- TASK DIRECTIONS:
As soon as the line containing "The Macchi C.202" appears in the material below, start returning lines exactly, and end with the line containing "Prosper Set 24".

- GIVEN INFORMATION:
============

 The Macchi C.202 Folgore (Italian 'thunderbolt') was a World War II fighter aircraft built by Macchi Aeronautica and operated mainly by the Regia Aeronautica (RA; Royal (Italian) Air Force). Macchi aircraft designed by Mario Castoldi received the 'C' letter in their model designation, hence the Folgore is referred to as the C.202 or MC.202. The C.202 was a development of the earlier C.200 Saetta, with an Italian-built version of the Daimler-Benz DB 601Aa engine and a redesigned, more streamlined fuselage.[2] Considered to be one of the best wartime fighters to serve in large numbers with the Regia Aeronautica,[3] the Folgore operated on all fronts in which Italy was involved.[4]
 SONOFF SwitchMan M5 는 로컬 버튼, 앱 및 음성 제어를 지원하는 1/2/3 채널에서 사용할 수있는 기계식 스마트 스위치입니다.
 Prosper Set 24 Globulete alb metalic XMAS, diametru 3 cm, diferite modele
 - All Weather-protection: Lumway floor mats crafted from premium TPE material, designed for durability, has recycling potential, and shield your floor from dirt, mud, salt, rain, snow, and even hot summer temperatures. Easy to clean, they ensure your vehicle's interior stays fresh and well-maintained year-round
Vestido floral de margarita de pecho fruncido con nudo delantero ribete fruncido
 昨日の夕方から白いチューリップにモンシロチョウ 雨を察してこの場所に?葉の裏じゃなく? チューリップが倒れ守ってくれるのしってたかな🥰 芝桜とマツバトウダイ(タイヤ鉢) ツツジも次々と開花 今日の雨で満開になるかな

============

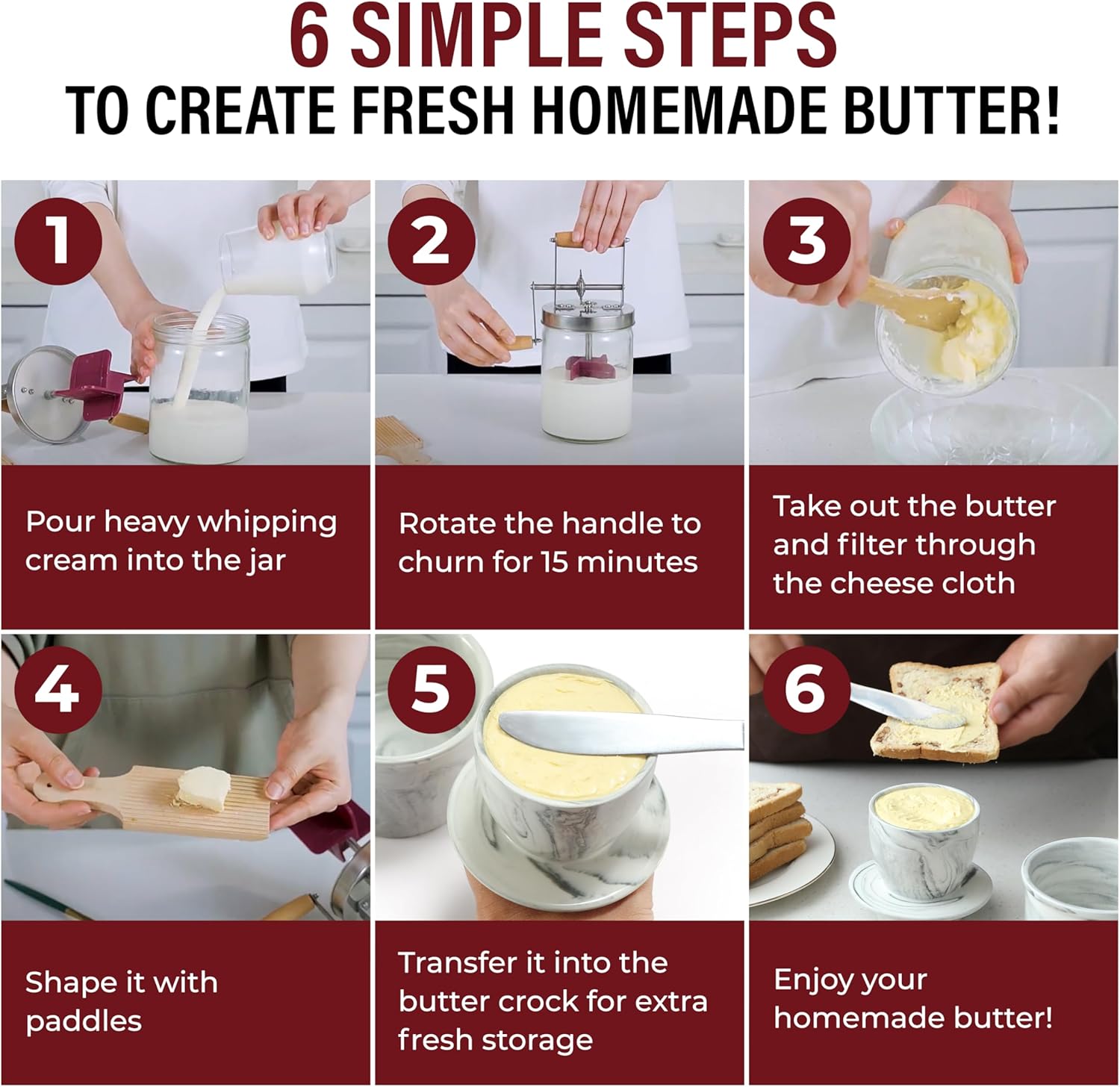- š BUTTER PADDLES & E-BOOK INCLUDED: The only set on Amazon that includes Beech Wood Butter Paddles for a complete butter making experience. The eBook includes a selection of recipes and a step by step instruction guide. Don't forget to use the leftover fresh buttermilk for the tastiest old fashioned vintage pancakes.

============

- EXERCISE SOLUTION:
 The Macchi C.202 Folgore (Italian 'thunderbolt') was a World War II fighter aircraft built by Macchi Aeronautica and operated mainly by the Regia Aeronautica (RA; Royal (Italian) Air Force). Macchi aircraft designed by Mario Castoldi received the 'C' letter in their model designation, hence the Folgore is referred to as the C.202 or MC.202. The C.202 was a development of the earlier C.200 Saetta, with an Italian-built version of the Daimler-Benz DB 601Aa engine and a redesigned, more streamlined fuselage.[2] Considered to be one of the best wartime fighters to serve in large numbers with the Regia Aeronautica,[3] the Folgore operated on all fronts in which Italy was involved.[4]
 SONOFF SwitchMan M5 는 로컬 버튼, 앱 및 음성 제어를 지원하는 1/2/3 채널에서 사용할 수있는 기계식 스마트 스위치입니다.
 Prosper Set 24 Globulete alb metalic XMAS, diametru 3 cm, diferite modele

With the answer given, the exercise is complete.